_DIRECTIONS_
Reproduce exactly, and only, the lines of the material below running from the line bearing "Dr. Peter Müller" through the line bearing "Далее я перешла". Leave any pictures out.

PROVIDED RECORDS below:

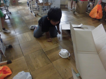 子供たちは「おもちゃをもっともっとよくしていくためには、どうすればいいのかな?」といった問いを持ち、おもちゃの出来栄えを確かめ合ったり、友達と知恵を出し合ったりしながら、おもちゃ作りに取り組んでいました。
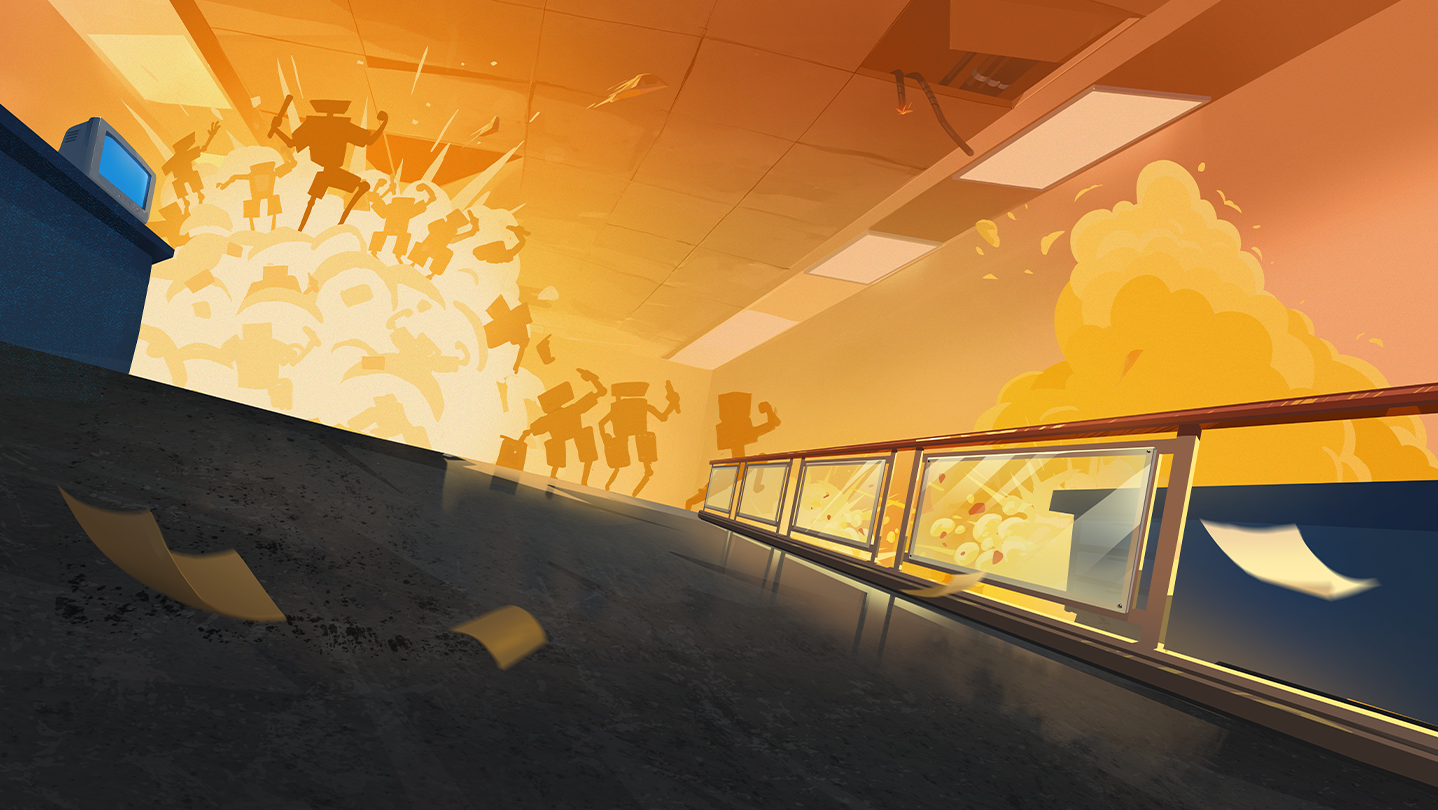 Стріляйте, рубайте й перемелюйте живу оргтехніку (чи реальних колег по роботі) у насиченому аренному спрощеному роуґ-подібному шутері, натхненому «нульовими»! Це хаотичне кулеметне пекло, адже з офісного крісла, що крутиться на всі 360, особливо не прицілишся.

End of PROVIDED RECORDS.
PROVIDED RECORDS below:

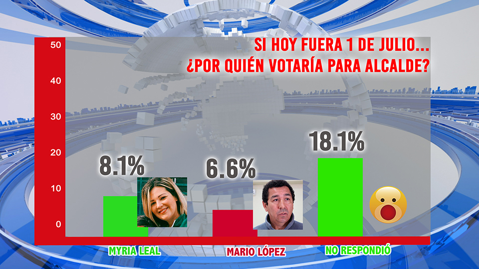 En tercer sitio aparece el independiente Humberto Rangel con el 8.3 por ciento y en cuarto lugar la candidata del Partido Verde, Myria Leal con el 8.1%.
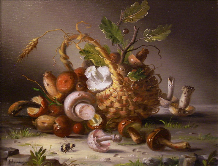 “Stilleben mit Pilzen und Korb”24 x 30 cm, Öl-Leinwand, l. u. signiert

End of PROVIDED RECORDS.
PROVIDED RECORDS below:

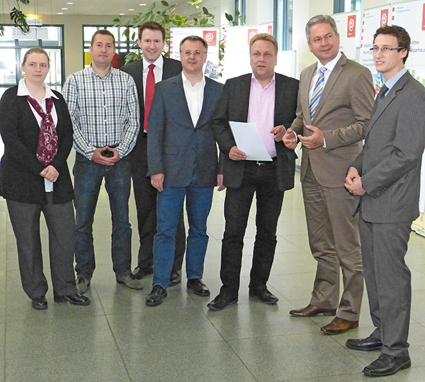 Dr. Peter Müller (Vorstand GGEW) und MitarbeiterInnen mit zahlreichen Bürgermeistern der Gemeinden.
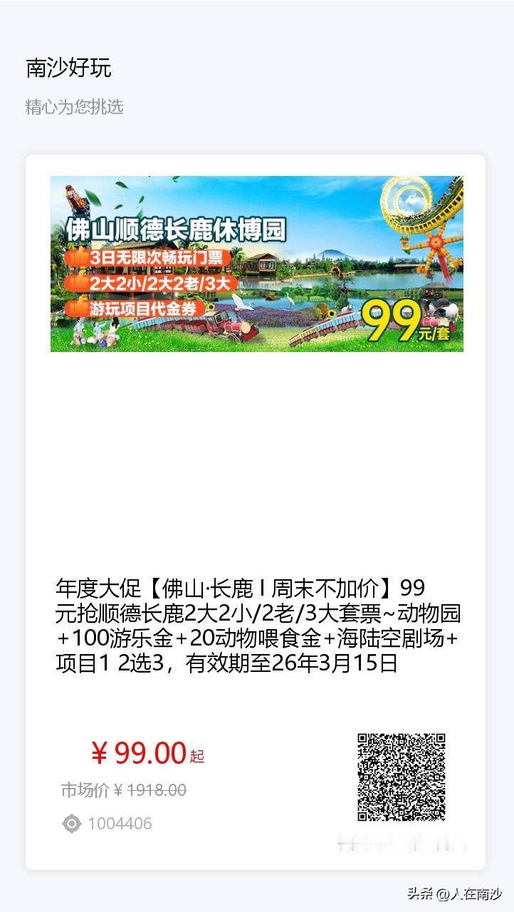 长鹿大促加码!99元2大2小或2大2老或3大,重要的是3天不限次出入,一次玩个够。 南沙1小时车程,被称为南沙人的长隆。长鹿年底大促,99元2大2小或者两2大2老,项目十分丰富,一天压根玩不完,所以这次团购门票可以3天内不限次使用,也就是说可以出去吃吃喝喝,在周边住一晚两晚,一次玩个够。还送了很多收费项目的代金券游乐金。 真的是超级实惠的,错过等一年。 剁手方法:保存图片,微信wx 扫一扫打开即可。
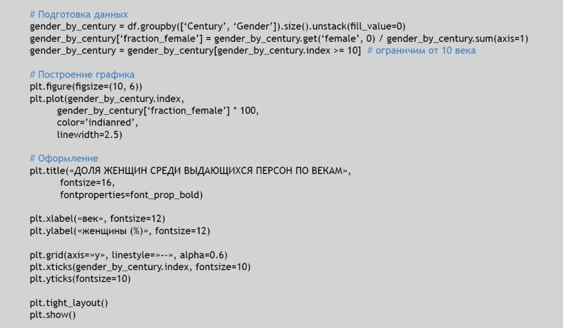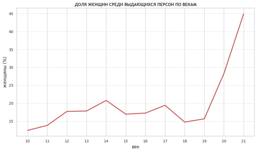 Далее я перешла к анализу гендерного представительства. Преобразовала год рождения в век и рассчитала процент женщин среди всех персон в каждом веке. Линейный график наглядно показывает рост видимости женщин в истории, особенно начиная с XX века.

End of PROVIDED RECORDS.

_EXPECTED OUTPUT_
 Dr. Peter Müller (Vorstand GGEW) und MitarbeiterInnen mit zahlreichen Bürgermeistern der Gemeinden.
 长鹿大促加码!99元2大2小或2大2老或3大,重要的是3天不限次出入,一次玩个够。 南沙1小时车程,被称为南沙人的长隆。长鹿年底大促,99元2大2小或者两2大2老,项目十分丰富,一天压根玩不完,所以这次团购门票可以3天内不限次使用,也就是说可以出去吃吃喝喝,在周边住一晚两晚,一次玩个够。还送了很多收费项目的代金券游乐金。 真的是超级实惠的,错过等一年。 剁手方法:保存图片,微信wx 扫一扫打开即可。
 Далее я перешла к анализу гендерного представительства. Преобразовала год рождения в век и рассчитала процент женщин среди всех персон в каждом веке. Линейный график наглядно показывает рост видимости женщин в истории, особенно начиная с XX века.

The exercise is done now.